The Governor’s FY 2015 Budget: Doing Less with Less
Governor Tomblin released his proposed FY 2015 budget last month and, for the second year in a row, made another round of cuts to programs and services instead of dealing with the state’s revenue problem. While his FY 2015 budget makes some improvements in public employee and teachers’ salaries, it continues to hurt the state’s economic future by driving up the cost of higher education and cutting important early childhood education and intervention programs. To balance the budget, the governor is relying on the legislature to pass an array of bills that move money from different accounts, including the State Road Fund and the Rainy Day Fund. A better approach is to permanently secure the funding for these much-needed programs and services while increasing economic opportunity for all. Read PDF of report.

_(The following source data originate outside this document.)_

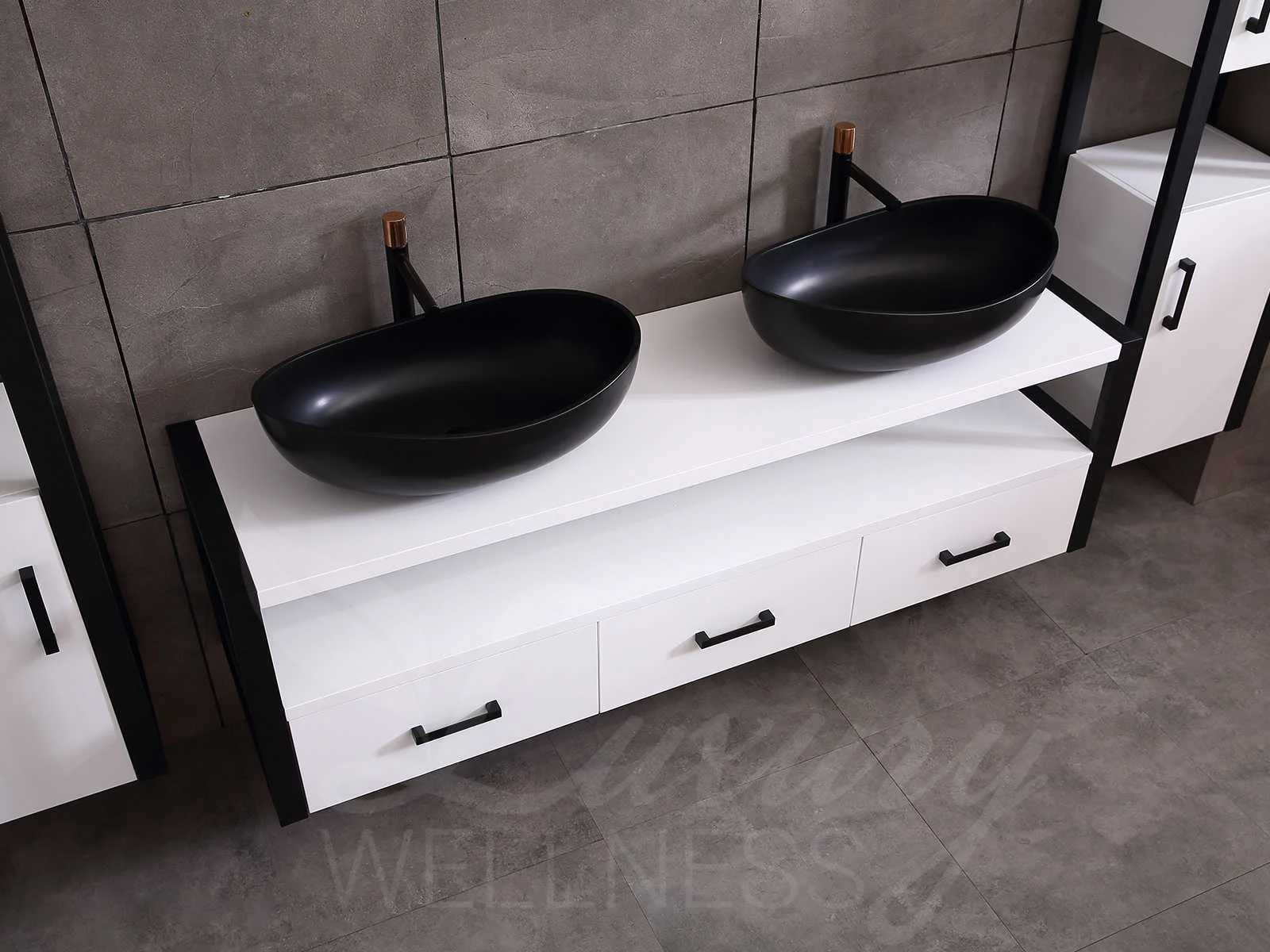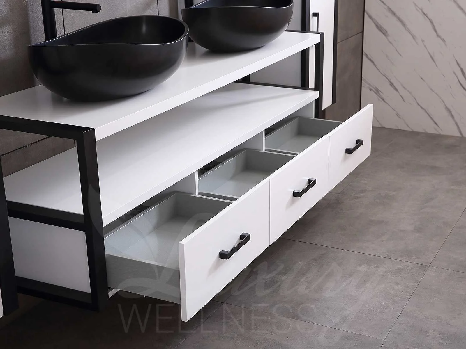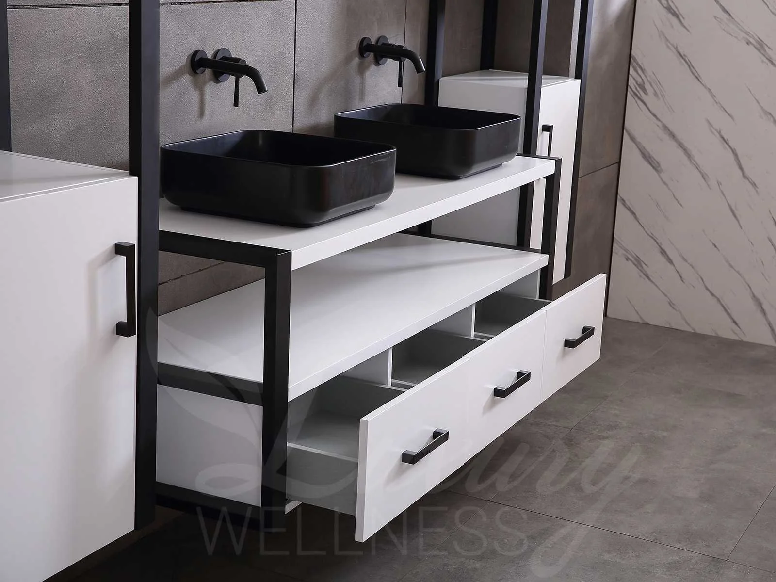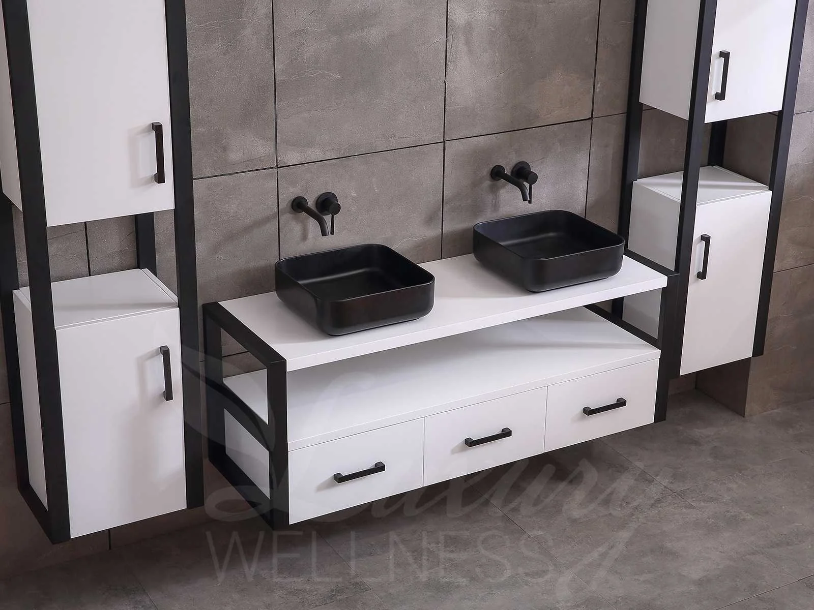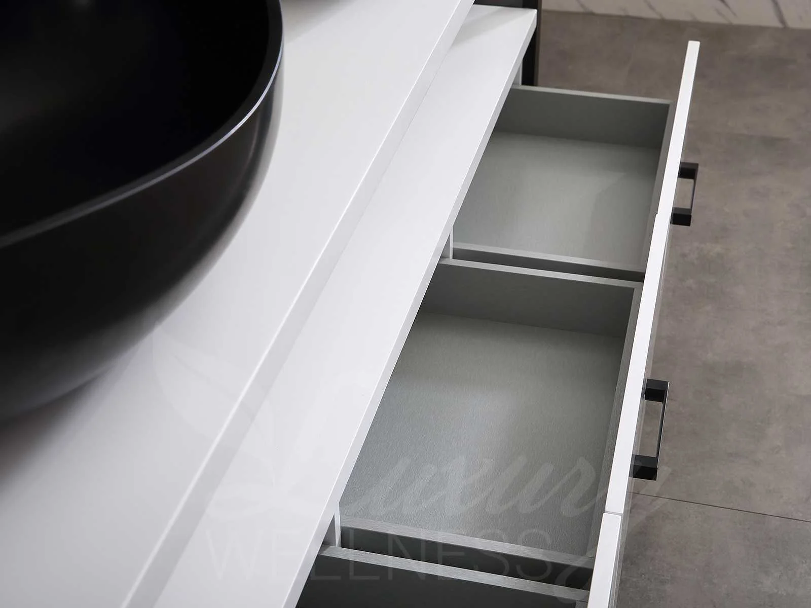 Afmeting meubel bxdxh 150x50x55cm - hangkast 35x35x160cm, kleur mat wit, materiaal 5-laags multiplex(zeer sterk en vochtbestendig), Hangkasten softclose deuren en extra planchets (hangkast is universeel en kan zowel links als rechts naast het meubel gehangen worden), kranen exclusief , Lades 2 stuks met softclose, Wastafel natuursteen of solid surface (keuze uit diverse modellen van de laatste foto's, kraangaten zijn nog niet in het top voorgeboord zodat u muurkranen of kranen uit het blad kan gebruiken, led spiegel met verwarming en ledverlichting, 220volt stekker(plug and play), verwarming ter voorkoming van condens, 1.5mm kopervrij met explosion-proof laag met dezelfde functie als gehard glas(de spiegel mag geruild worden voor een ander model/type), afvoeren exclusief, Conditie: Nieuw in doos, Bijzonderheden 2 jaar garantie, compleet met installatie materiaal, zeer hoge kwaliteit, let op! de hangkast mag geruild worden voor een set kranen en popup afvoeren naar keus of als u een extra hangkast nodig graag op de afhaaldag aangeven voor een passende aanbieding Merk: Mawialux Model: Philip Hoogte: 55cm Lengte: 50cm Breedte: 150cm Materiaal: 5-laags multiplex Kleur: Mat wit Kraan: exclusief Wastafel: diverse keuzes Waskom: diverse keuzes Spiegel met verlichting: ja Verlichting: ja Lades: 3 Softclose: true Bevestigingsmateriaal: true Zijkast: ja 1x Afmeting hangkast: LxBxH 35x35x160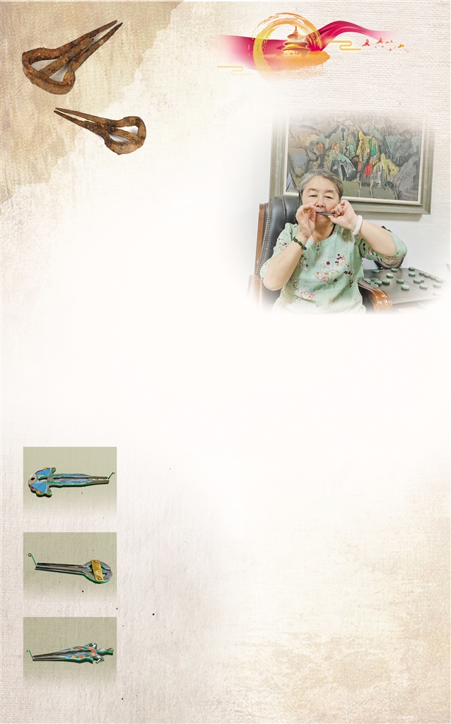 自治区级非遗项目口簧音乐代表性传承人霍秀华轻轻拿起一支口簧衔在口中,随着她右手手指不停地拨振簧片,美妙的声音袅袅而出,仿佛是穿越时空,从远古传来的千年回音,悠远而绵长。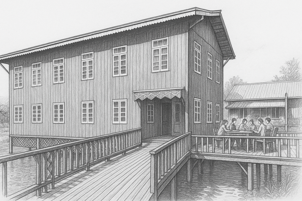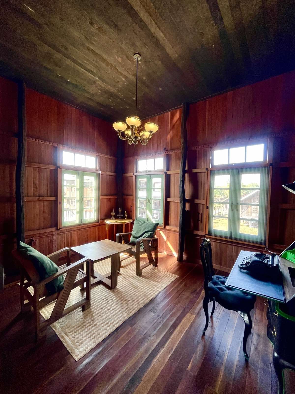 First floor: This floor includes a reading room and four modular sleeping pads, which can be arranged as two bedroom-suites with private living areas, or as individual rooms. The layout accommodates up to eight guests in total.

This brief examines the governor’s proposed FY 2015 base budget, which totals $4.58 billion. Section 1 looks at the spending side of the budget, including where this year’s cuts are going to be made, while Section 2 shows how future projected deficits have turned into surpluses. Section 3 focuses on the revenue side of the budget, showing how the state pays for its priorities and the steep price of recent tax cuts. Finally, Section 4 presents new opportunities for the budget, including recommendations for strengthening the budget and protecting the state’s future.
• The governor closes the FY 2015 base budget (general revenue and lottery funds) gap of $216 million by cutting agency spending by $70 million, using $83.8 million from the Rainy Day Fund, making $14.5 million in one-time reductions, and making a supplemental appropriation of $50.4 million to Medicaid.
• The loss in state support for higher education has led to higher tuition, making it increasingly harder to attract good-paying jobs that require a college education. This year and next year higher education funding is expected to decline by $51.8 million and continue to drop over the coming years.
• Along with higher education, important human services programs like In-Home Family Education, Child Advocacy Centers, and Early Intervention are being drastically cut because of the state’s revenue problems. Altogether, base budget cuts to the Department of Health and Human Services in FY 2014 and FY 2015 are $22 million.
• Future budget gaps have greatly improved in this year’s budget due to several factors, including higher severance tax revenue projections, a decline in support for higher education, slower growth in Medicaid, and a drop in local school support from declining student enrollment.
• The base budget for FY 2015 is lower than seven years ago. This decline is primarily associated with major tax cuts enacted in 2006 and 2007 that will lower revenues by an estimated $425 million in FY 2015.
• Because of the large reduction to its revenue base, the state is investing less than it did before the tax cuts were enacted. General revenue funds as a share of state personal income have declined from above seven percent in 2006 to 6.2 percent in 2013 and will continue to fall in the coming years.
• The only major source of revenue growth from FY 2015 to FY 2018 will be in severance, personal income, and sales and use taxes.
• To grow our economy and build a shared prosperity, the state will have to have the resources necessary to invest in areas like higher education and human services. Options include increasing the tobacco products tax, expanding the sales tax to more services, taxing high-income earners that have more discretionary income, scaling back personal income exemptions and coal tax preferences, and extending the workers’ compensation debt taxes on natural resources.